Date of Award

8-2020

Degree Name

Doctor of Philosophy

Department

Computer Science

First Advisor

Dr. Ala Al-Fuqaha

Second Advisor

Dr. Ajay Gupta

Third Advisor

Dr. Alvis Fong

Fourth Advisor

Dr. Mohammad Salahuddin

Keywords

Internet of Things, resource optimization, online and real-time algorithms, federated learning, message ferries, knapsack and secretary problems

Abstract

With the rise of the Internet of Things (IoT) and smart communities, managing computation and communication resources required by billions of smart devices becomes a concern. To tackle this problem, we develop algorithms for resource management to ensure better Quality of Service (QoS), safety, and performance. We focus our efforts on three problems.

In the first problem, we studied the strict QoS requirements of applications and differentiated service requirements in different situations of vehicular networks. We propose a generic prioritization and resource management algorithm that can be used to prioritize the processing of received packets in vehicular networks. We formulate the generic severity-based prioritized packet processing problem as Penalized Multiple Knapsack Problem (PMKP) and prove that it is an NP-Hard problem. We thus develop a real-time heuristic that utilizes a relaxed version of the formulation. The relaxed formulation executes in polynomial time and guarantees a minimum delay per severity-level while respecting the processing rate constraint. To measure the performance of the proposed heuristic, real traffic data is used in a small-scale experiment. The proposed heuristic is tested against the PMKP solution and results show a small degradation of up to 4% in profit for the heuristic compared to the PMKP solution. Also, the proposed heuristic is tested against a non-prioritized processing algorithm that works using first come first served policy.
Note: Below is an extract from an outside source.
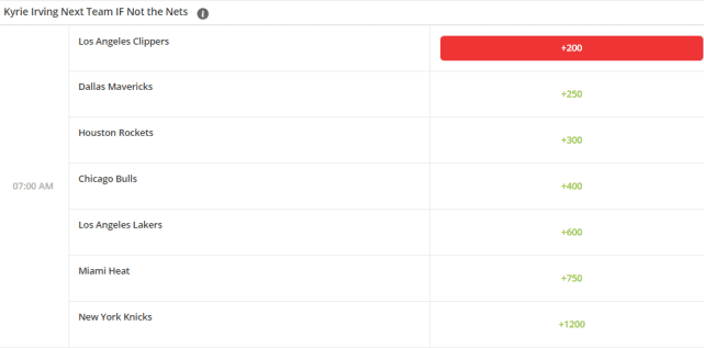 该赔率显示的是若欧文离开篮网,他下一支效力的是哪支球队?上榜的一共有7队。具体排名如下:1.快船(+200)、2.独行侠(+250)、3.火箭(+300)、4.公牛(+400)、5.湖人(+600)、6.热火(+750)、7.尼克斯(+1200)
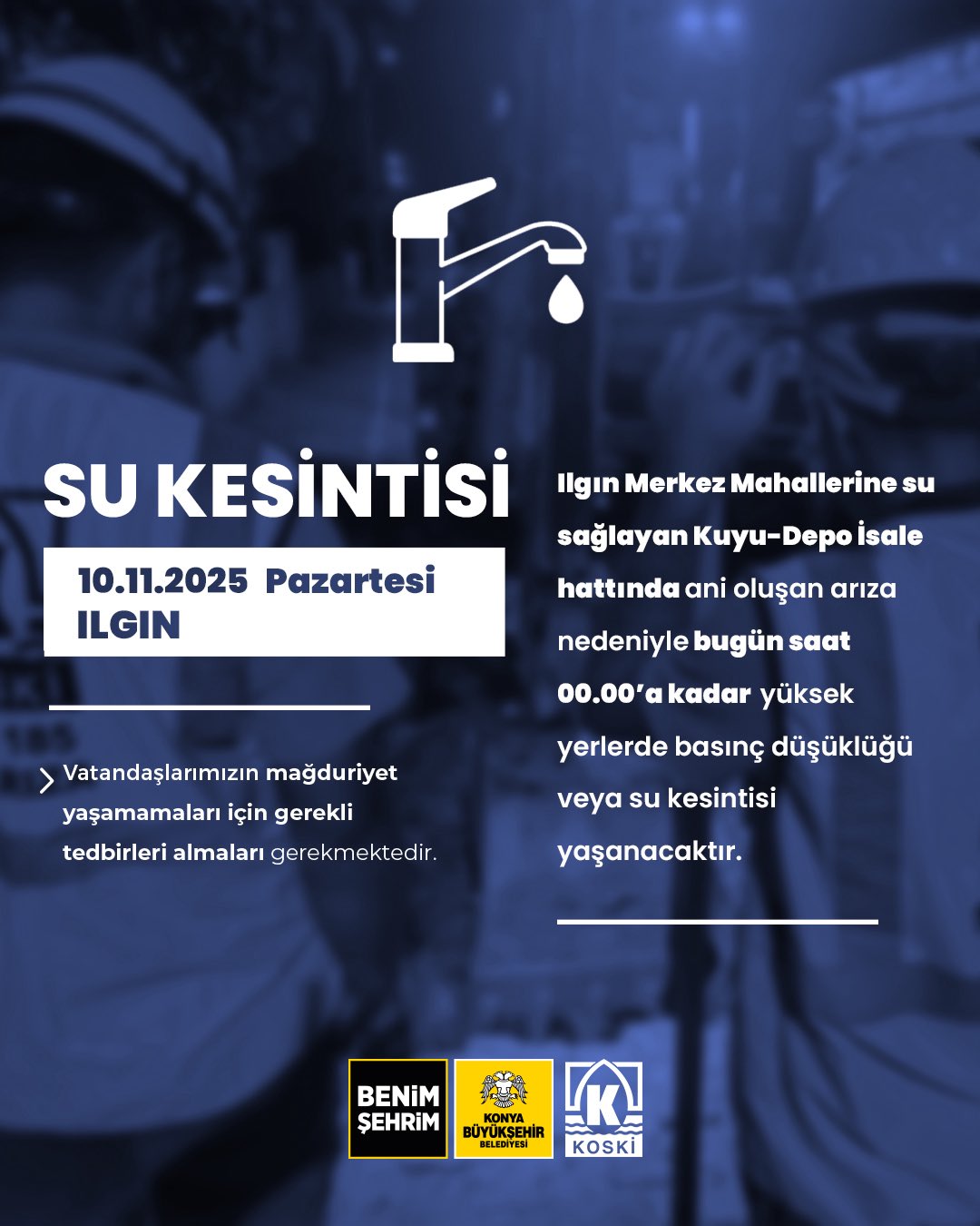 Konya Büyükşehir Belediyesi Su ve Kanalizasyon İdaresi (KOSKİ), Ilgın ilçesinde su kesintisi yaşanacağını sosyal medya hesabından duyurdu. KOSKİ, merkez mahallelere su sağlayan Kuyu-Depo isale hattında ani bir arıza meydana geldiğini bildirdi.

Results show that the proposed heuristic gains 9% to 67% more profit than the non-prioritized processing algorithm in moderate and high congestion scenarios.

In the second problem, we explored the utilization of existing vehicles on roads as “message ferries” for the transport data for smart community applications to avoid the cost of installing new communication infrastructure. We propose an opportunistic data ferry selection algorithm that strives to select vehicles that can minimize the overall delay for data delivery from a source to a given destination. Our proposed opportunistic algorithm utilizes an ensemble of online hiring algorithms, which are run together in passive mode, to select the online hiring algorithm that has performed the best in recent history. The proposed ensemble-based algorithm is evaluated empirically using real-world traces from taxies plying routes in Shanghai, China, and its performance is compared against a baseline of four stateof- the-art online hiring algorithms. A number of experiments are conducted and our results indicate that the proposed algorithm can reduce the overall delay compared to the baseline by an impressive 13% to 258%.

In the third problem, we solve the problem of optimizing accuracy in stateful federated learning with a budgeted number of candidate clients by selecting the best candidate clients in terms of test accuracy to participate in the training process. We formulate the problem of maximizing the probability of selecting the best candidate clients based on test accuracy as a secretary problem then analytically analyze the performance and provide proofs. Next, we propose an online stateful FL heuristic to find the best candidate clients. Additionally, we propose an IoT client alarm application that utilizes the proposed heuristic in training a stateful FL global model based on IoT device classification to alert clients about unauthorized IoT devices in their environment. To test the efficiency of the proposed online heuristic, we conduct several experiments using a real dataset and compare the results of the proposed online heuristic against state-of-the-art algorithms. Our results indicate that the proposed heuristic performance is comparable to the performance of the best offline algorithm and outperforms the online random algorithm with up to 27% gain in accuracy.